● **What you need to do**
All pictures must be left out as you transcribe the lines from the first line of the data to the line containing "SINGLE CANNULA FOR", both included.

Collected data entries
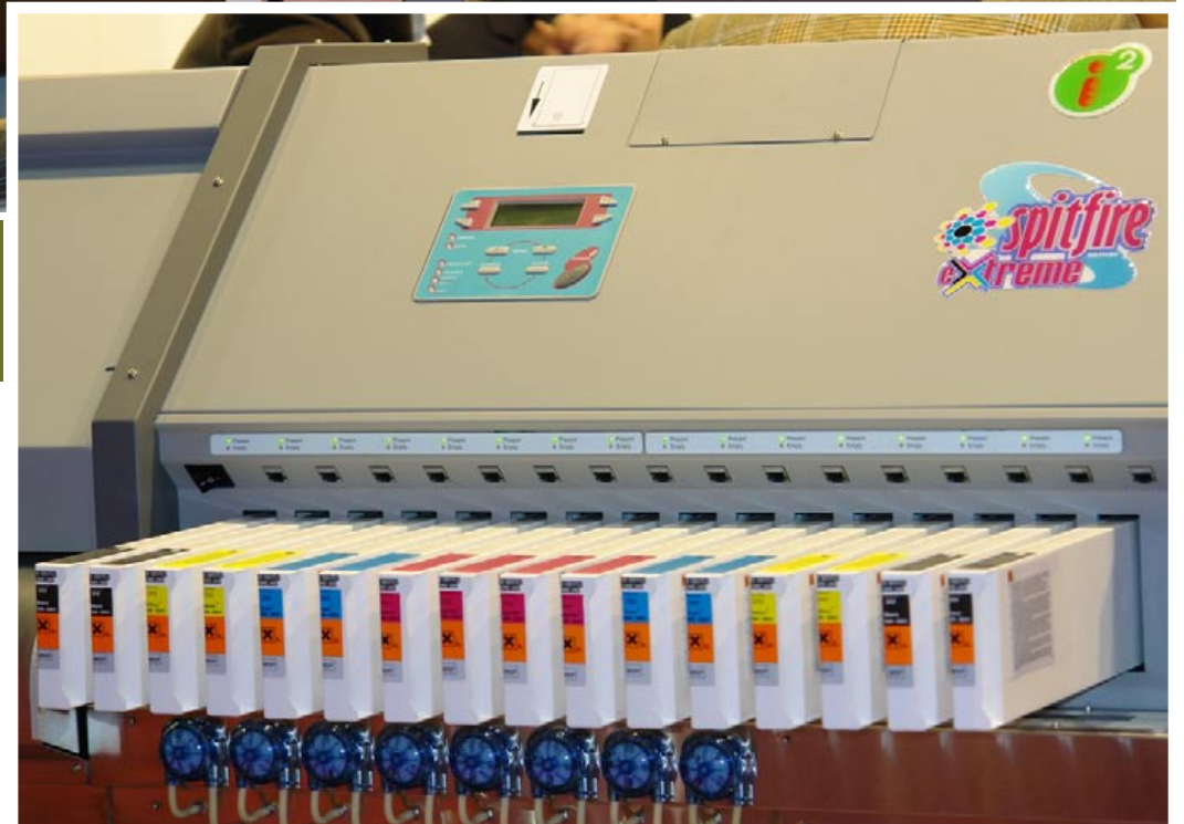
The Spitfire uses the i 2 Intelligent Interweaving print technology, interweaving print technology, that helps you avoid banding issues and select the most suitable print mode.
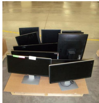
LOT 159 _____
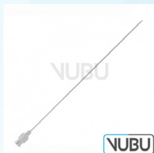
SINGLE CANNULA FOR IOWA TROMPET VUBU-10-76914 14CM 1MM Model:VUBU-10-76914_kan
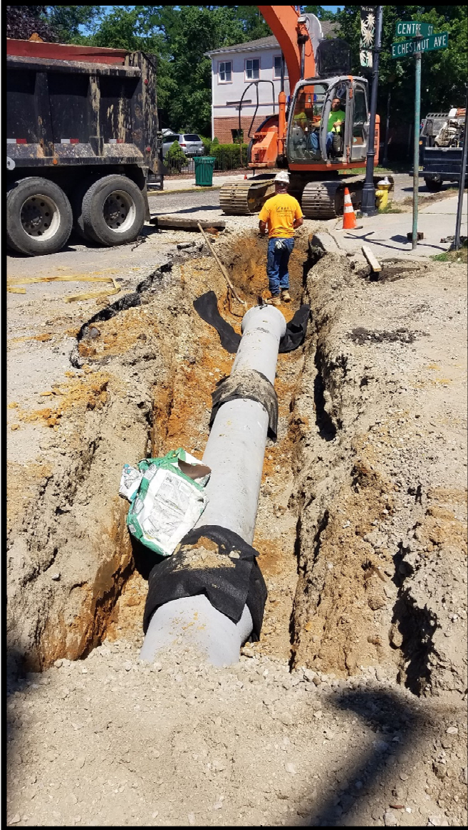
Photograph 8 – Reinforced concrete storm pipe being installed along Chestnut Avenue.
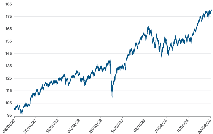
Figure 1: Performance of Davy UK GPS Long Term Growth Fund at 30 th September 2024

Warning: Past Performance is not a reliable guide to future performance. The value of your investment may go down as well as up. This product may be affected by changes in currency exchange rates.
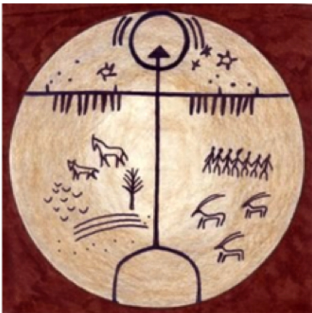
Figure 7: The tree of life on the figure of the shaman's drum [5]. [Figura 7: A árvore da vida na figura de tambor xamânico [5].]

The intended purposes and meaning of symbols and patterns differ from one culture, geography, and religious belief to the other. Tree of life plays a role to communicate in the Shaman culture, which is the origin of Turkish culture. Therefore, tree of life figure is often used in the places Shamanists live or on clothes they wear. According to some sources it is said that Shamanists believe that they were born from trees of life. The use of tree of life by Turkish tribes has continued after Shamanists. There are seven or nine branches or nicks as the symbol of the layers of the sky on the tree of life, which exists in the centre of the universe according to ancient Turkish religions. This figure is usually described as a beech tree, the branches or nicks are used to climb on the tree and to reach God (Fig. 7). The use of tree figure continued after the Turkish's acceptance of Islam. In the holy scripture of Islam, Koran, it is stated that the trees were created as the sign of divine grace and power; it is also drawn attention to the reality that a lot of living being cannot live without the trees (conveyed by [4]).
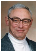
Kinsman, William Charles (1936 – April 15, 2010)

No Photo available: Gero, Fred March 25, 2010
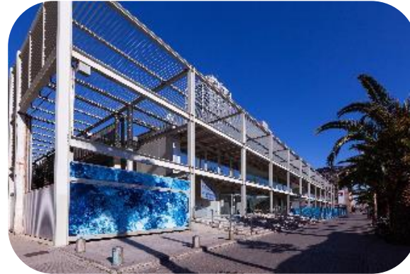
New headquarters 2001
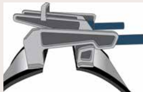
Patent Pending Cam Lug Fingers for Extended Range

Integrated Handle for ease of installation
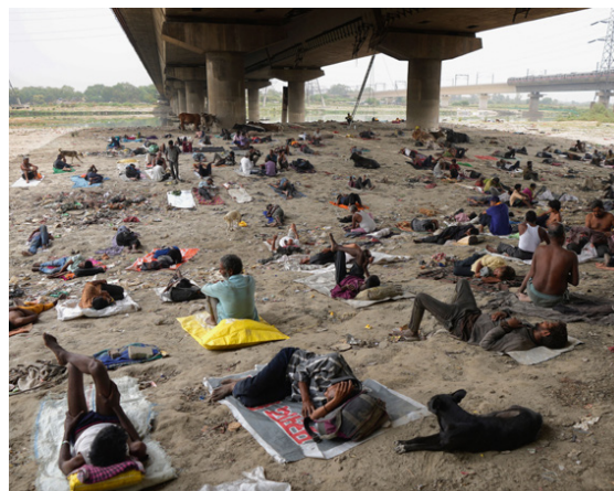
Homeless people sleep in the shade of an overbridge in in New Delhi. At least 2,000 people died in India during the heat wave in 2015, when temperatures hovered near 50 degrees C. In Pakistan in 2022, the death toll stood at 1,200, with some local estimates putting it at around 3,000.

Major flooding occurred in Germany, Belgium, the Netherlands and Luxembourg between 12-15 July 2021 31 . World Weather Attribution ascertains that there is high confidence that human-induced climate change increased the likelihood and intensity of this flooding 32 . No studies have yet calculated the full range of NELD. However, 200 people died 33 and a significant loss of crops and grain quality was reported 34,31 . Economic losses are estimated to be €3 billion 31 . There was widespread coverage of the emotional toll of the flooding. In particular, this related to the trauma of those who experienced the floods, those who were evacuated, those who lost loved ones, and those whose missing loved ones’ bodies were never recovered 35 . Belgium declared a day of mourning 36 and one political commentator said that “the impact on the total economy stands in no comparison with the human suffering” 37 . All twelve residents on the ground floor of a German care home were trapped and drowned 38 . The health system and early warning systems did not manage to protect this group, demonstrating that different groups experience NELD in different ways based on intersectional marginalisation. In addition, many people lost their homes and all their belongings which brings a range of intangible and emotional losses 37,39 , as well as the loss of things with
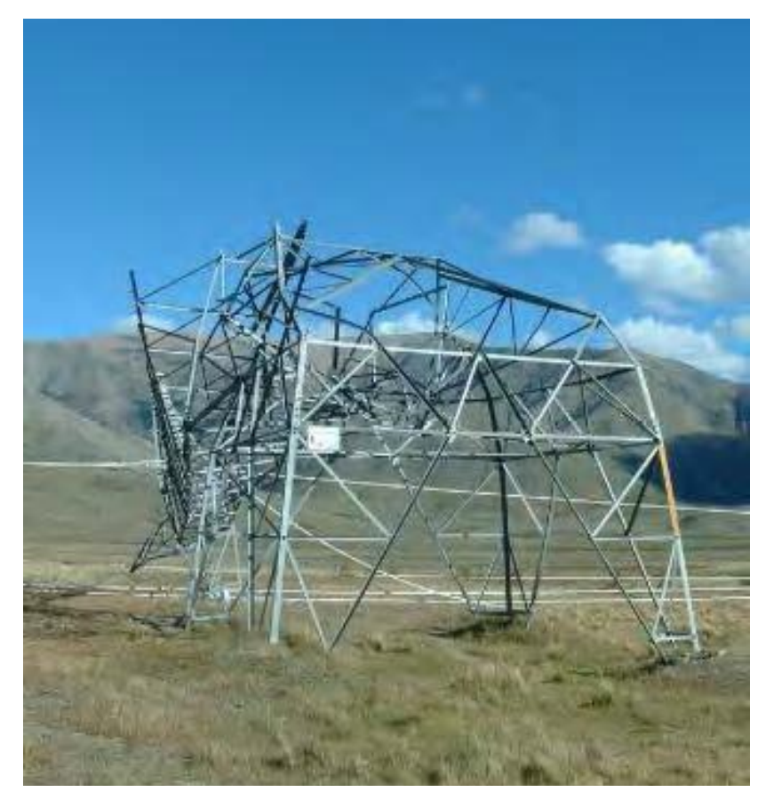
Figure 19: Failed tower on the Benmore-Haywards A line

92 Land disturbance activities adjacent to towers or poles can undermine the stability of the structure foundations, causing the structure to lean or, worse, collapse. Excavations or mounding mid-span can also increase
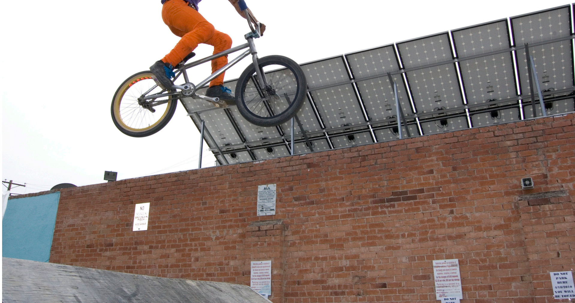
Freestyling. Photo © 2010 Martha Retallick. All rights reserved.
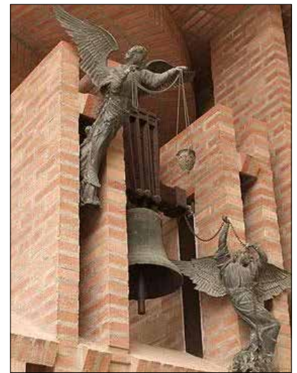
The photo (above) shows the bell from the church of Our Lady of the Angels in Madrid, which Saint Josemaría heard ringing when he "saw" Opus Dei in 1928.
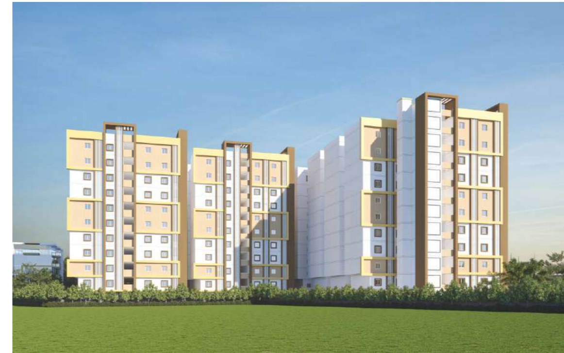
EXTERNAL VIEWS OF HIGHWAY HEIGHTS
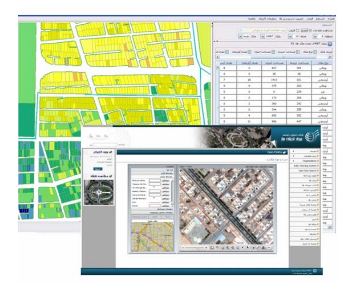
Figure 4. Implemented EGIS samples
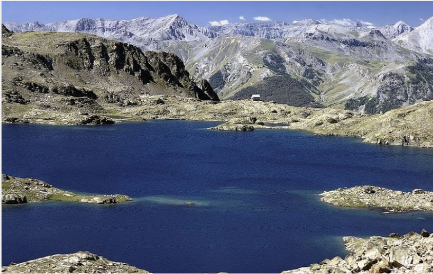
Randonnée Tinée. Lac de Rabuons, 2523 m.
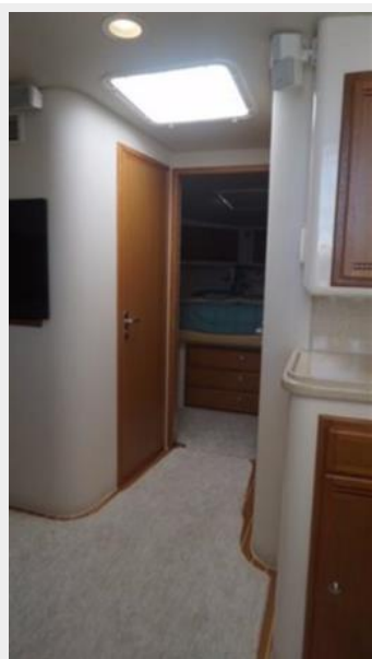
View to hall and master stateroom beyond
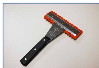
233-71AG grill wiper accessory for cleaning
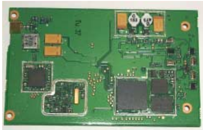
Photograph 9-4: Back side of module main board with shields removed.
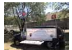
Booth setup at Ramp

Week of 17 May 2008 started National Safe Boating week and Memorial Day weekend WCSART set up a booth at the Corazzini Ramp in Shrewsbury, MA to promote Boating Safety and to give out information about Lake Quinsigamond, Rules and Regulations as well as pass out booklets on Massachusetts Boating Laws and our WRSP Patrol information Business Card to alert Boaters of our Water Rescue Service. We also handed out information about the US Coast Guard Auxiliary and Worcester County Sail & Power Squadron as to what they do for the boating public here in Worcester County. Our Booth was setup for two days, Sunday and Monday (Memorial Day) and it was a great success. After the two-day setup, all our Flyers and booklets were handed out and we met allot of great boaters using Lake Quinsigamond.
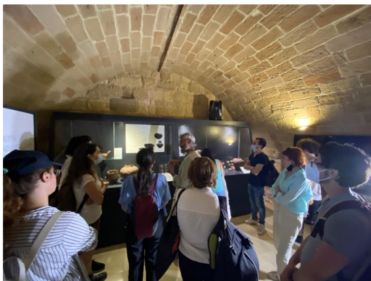
Fig. 5 – Guided tour at the Museum of Castro
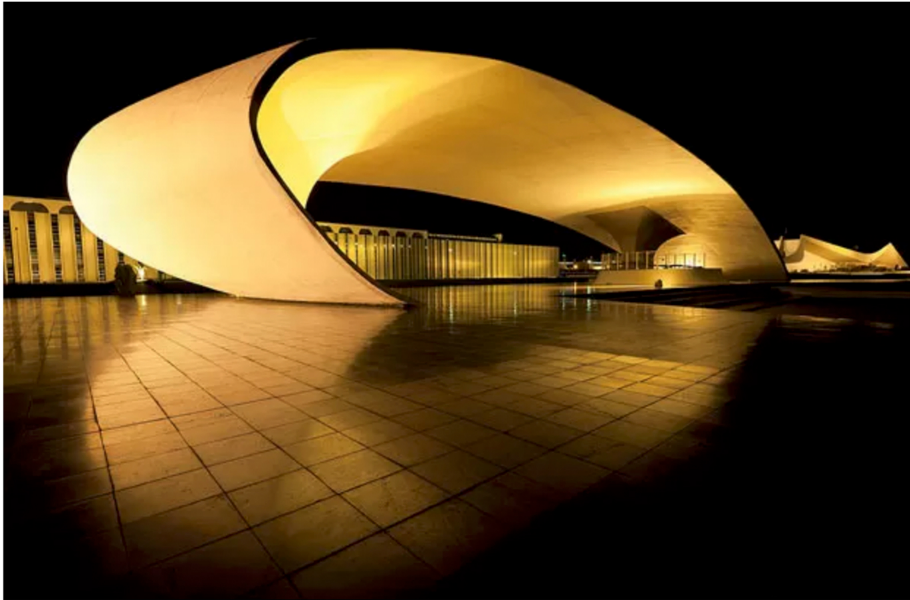
Duque de Caxias Square , 2012
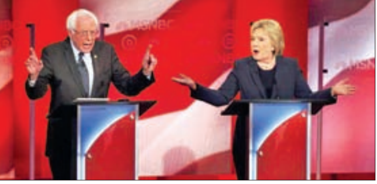
Democratic US presidential candidate and Senator Bernie Sanders (L) and former Secretary of State Hillary Clinton speak simultaneously as they discuss issues during the Democratic presidential candidates debate.

Clinton charged that Sanders' proposal for single-payer
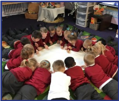
Team work in the Early Years!
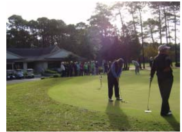
(right) Bear Creek Annual Putt Off

The BCGC 9-Hole and 18-Hole Women's Golf Associations wrapped up their 2009 seasons with a combined Closing Day Scramble and Luncheon. A highlight of the day was the annual "Putt Off" with top finishers from each association squaring off for bragging rights.
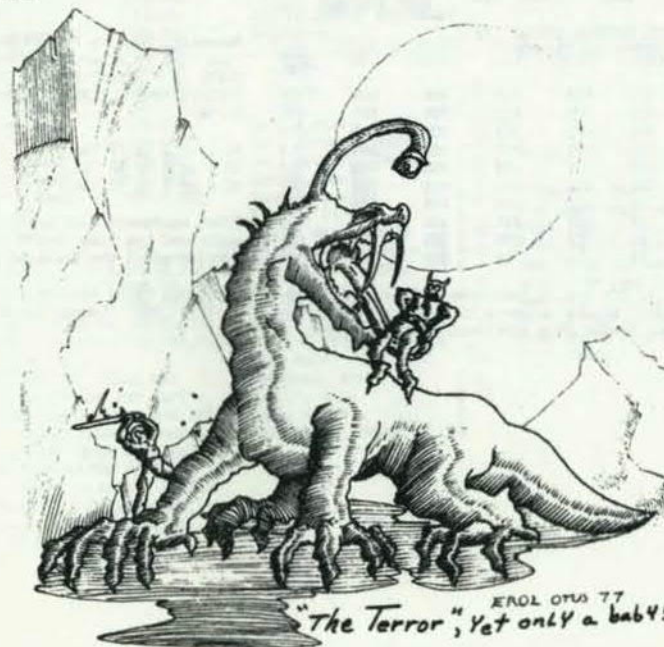
"The Terror", yet ONLY a baby!

Here is a handy way to figure out wet measures (I know it's not exactly right, but it's how it is done in my multiverse): A vial is 1 ounce; a flask is 1/2 pint; a bottle is a pint (that's a small bottle; a large bottle is a quart); a wineskin is 2 quarts; a keg is a gallon; a hoghead is 3 gallons; a barrel is 5 gallons; a cask is 20 gallons; and a "Royal Cask" is 55 gallons. Screwy, but it serves the purpose quite well. By the way, the most common measure of ale or beer bought is a one pint flagon, although two pint flagons are fairly common also.
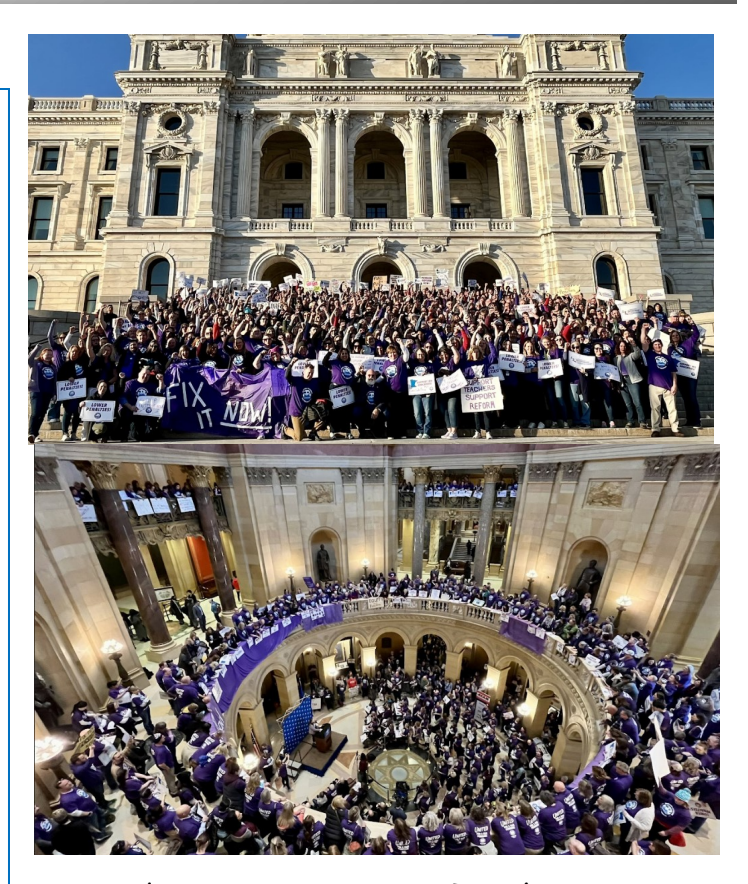
Mandates to Renew Your Teaching License

This is NOT the end of your teaching career! Use this experience to Grow! Just because you weren't a good fit for this assignment does not mean you can't be a terrific teacher. Keep your head up high and move on. For every door that closes is a brand new window of opportunity. First, show the utmost professionalism. Ask and listen to your administrator/ instructional coach/co-workers. Ask them what you can do better at your next school? Ask them what you did really well here? What was your strength? Use this information to grow and knock your next interview out of the park. Second, stay positive throughout the rest of the school year, towards staff, students, and families. This will show your strong positive character. Last, continue to volunteer for extra duties and give 100% to your job. This attitude will carry you far into the future and might even earn you a good recommendation for your next teaching job. Good luck and keep your chin up high.

● **Solution to the exercise**
The Spitfire uses the i 2 Intelligent Interweaving print technology, interweaving print technology, that helps you avoid banding issues and select the most suitable print mode.
LOT 159 _____
SINGLE CANNULA FOR IOWA TROMPET VUBU-10-76914 14CM 1MM Model:VUBU-10-76914_kan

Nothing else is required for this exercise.